- Data shown
__________________________________________________

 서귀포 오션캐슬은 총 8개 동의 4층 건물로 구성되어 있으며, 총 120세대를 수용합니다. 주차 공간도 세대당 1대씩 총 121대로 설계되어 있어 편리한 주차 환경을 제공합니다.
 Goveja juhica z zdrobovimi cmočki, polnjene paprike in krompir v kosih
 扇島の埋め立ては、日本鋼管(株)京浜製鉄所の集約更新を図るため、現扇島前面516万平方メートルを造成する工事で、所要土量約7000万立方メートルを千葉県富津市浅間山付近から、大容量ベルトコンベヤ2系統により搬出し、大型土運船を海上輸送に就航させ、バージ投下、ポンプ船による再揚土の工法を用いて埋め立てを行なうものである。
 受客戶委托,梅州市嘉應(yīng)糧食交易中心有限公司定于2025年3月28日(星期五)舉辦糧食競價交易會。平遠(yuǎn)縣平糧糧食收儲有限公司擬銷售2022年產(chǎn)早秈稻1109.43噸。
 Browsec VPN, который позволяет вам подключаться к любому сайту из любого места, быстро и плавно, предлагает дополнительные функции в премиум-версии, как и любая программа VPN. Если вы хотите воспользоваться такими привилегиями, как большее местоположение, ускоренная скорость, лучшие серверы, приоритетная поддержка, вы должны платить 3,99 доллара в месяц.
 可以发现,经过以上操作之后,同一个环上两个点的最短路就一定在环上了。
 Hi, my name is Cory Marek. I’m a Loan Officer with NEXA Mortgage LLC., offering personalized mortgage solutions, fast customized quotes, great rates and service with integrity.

__________________________________________________

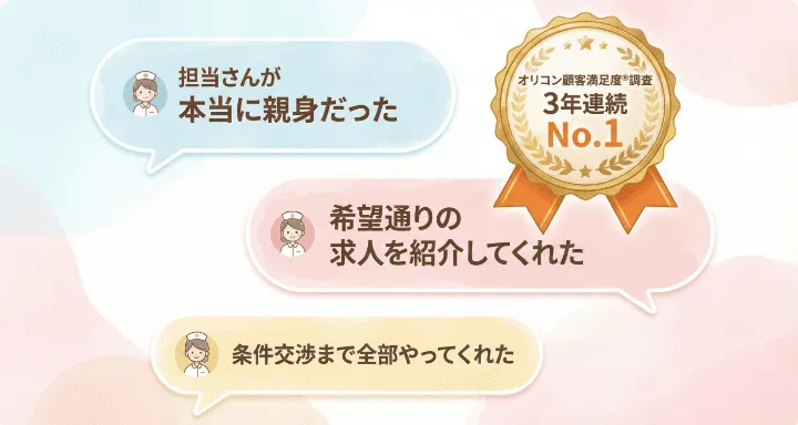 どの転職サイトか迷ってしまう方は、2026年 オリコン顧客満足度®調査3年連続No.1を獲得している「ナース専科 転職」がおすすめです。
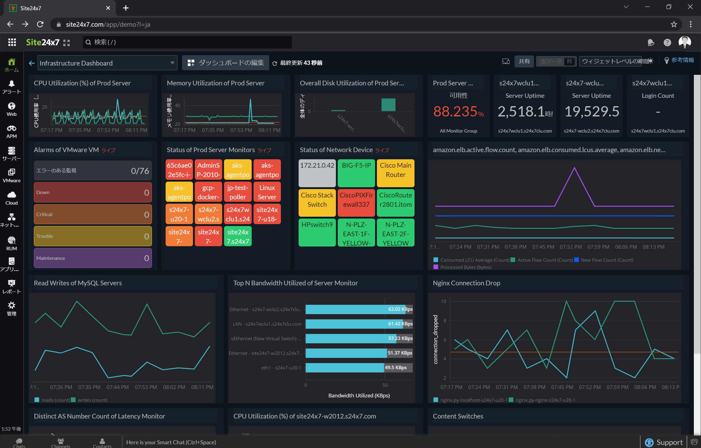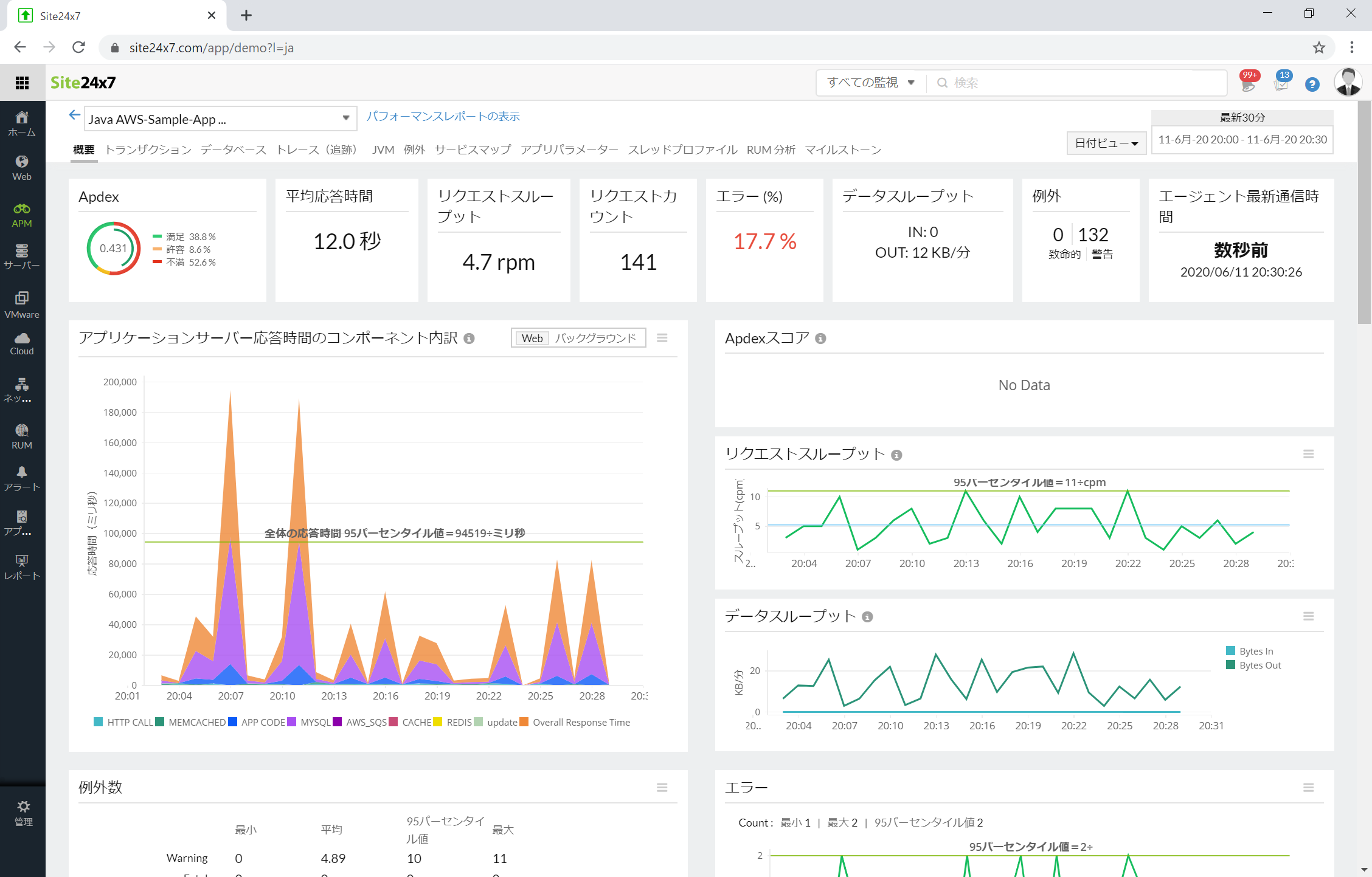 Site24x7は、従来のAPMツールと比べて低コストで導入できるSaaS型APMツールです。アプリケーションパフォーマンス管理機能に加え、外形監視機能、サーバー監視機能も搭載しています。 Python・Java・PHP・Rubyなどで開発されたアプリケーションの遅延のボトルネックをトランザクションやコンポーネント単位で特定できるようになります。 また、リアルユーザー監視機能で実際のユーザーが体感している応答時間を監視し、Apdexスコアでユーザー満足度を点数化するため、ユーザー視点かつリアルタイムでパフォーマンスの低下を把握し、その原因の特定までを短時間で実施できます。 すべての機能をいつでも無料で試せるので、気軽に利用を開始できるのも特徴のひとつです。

__________________________________________________

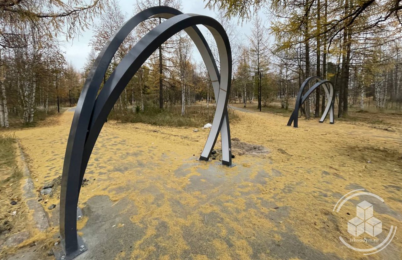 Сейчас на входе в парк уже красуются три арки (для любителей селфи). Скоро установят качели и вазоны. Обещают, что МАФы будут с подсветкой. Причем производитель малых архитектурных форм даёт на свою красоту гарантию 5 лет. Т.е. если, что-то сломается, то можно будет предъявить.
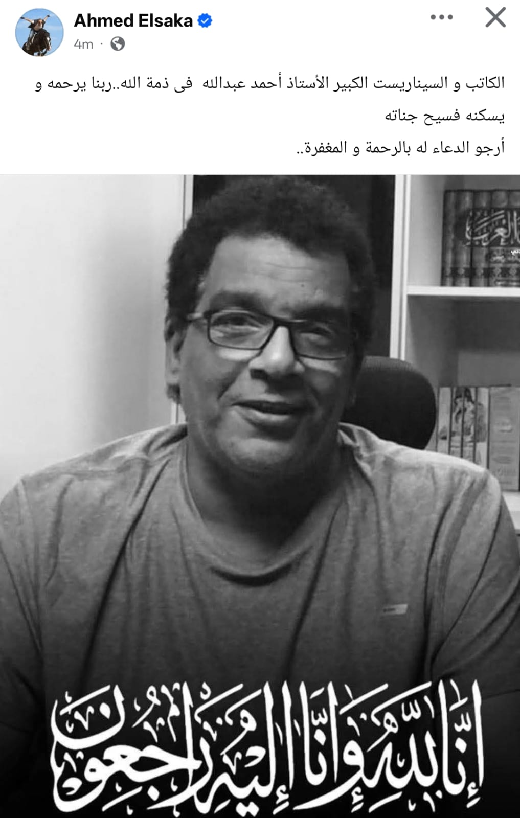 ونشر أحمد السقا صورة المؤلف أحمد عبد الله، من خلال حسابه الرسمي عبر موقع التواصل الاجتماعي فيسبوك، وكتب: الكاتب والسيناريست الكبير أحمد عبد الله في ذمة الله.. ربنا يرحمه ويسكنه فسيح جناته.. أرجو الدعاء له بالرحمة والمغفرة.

__________________________________________________

- Exercise requirements
Find "Goveja juhica z" in the entries above and copy that whole line exactly, then each line after it through the line that contains "受客戶委托,梅州市嘉應(yī".

- Reply to the task
 Goveja juhica z zdrobovimi cmočki, polnjene paprike in krompir v kosih
 扇島の埋め立ては、日本鋼管(株)京浜製鉄所の集約更新を図るため、現扇島前面516万平方メートルを造成する工事で、所要土量約7000万立方メートルを千葉県富津市浅間山付近から、大容量ベルトコンベヤ2系統により搬出し、大型土運船を海上輸送に就航させ、バージ投下、ポンプ船による再揚土の工法を用いて埋め立てを行なうものである。
 受客戶委托,梅州市嘉應(yīng)糧食交易中心有限公司定于2025年3月28日(星期五)舉辦糧食競價交易會。平遠(yuǎn)縣平糧糧食收儲有限公司擬銷售2022年產(chǎn)早秈稻1109.43噸。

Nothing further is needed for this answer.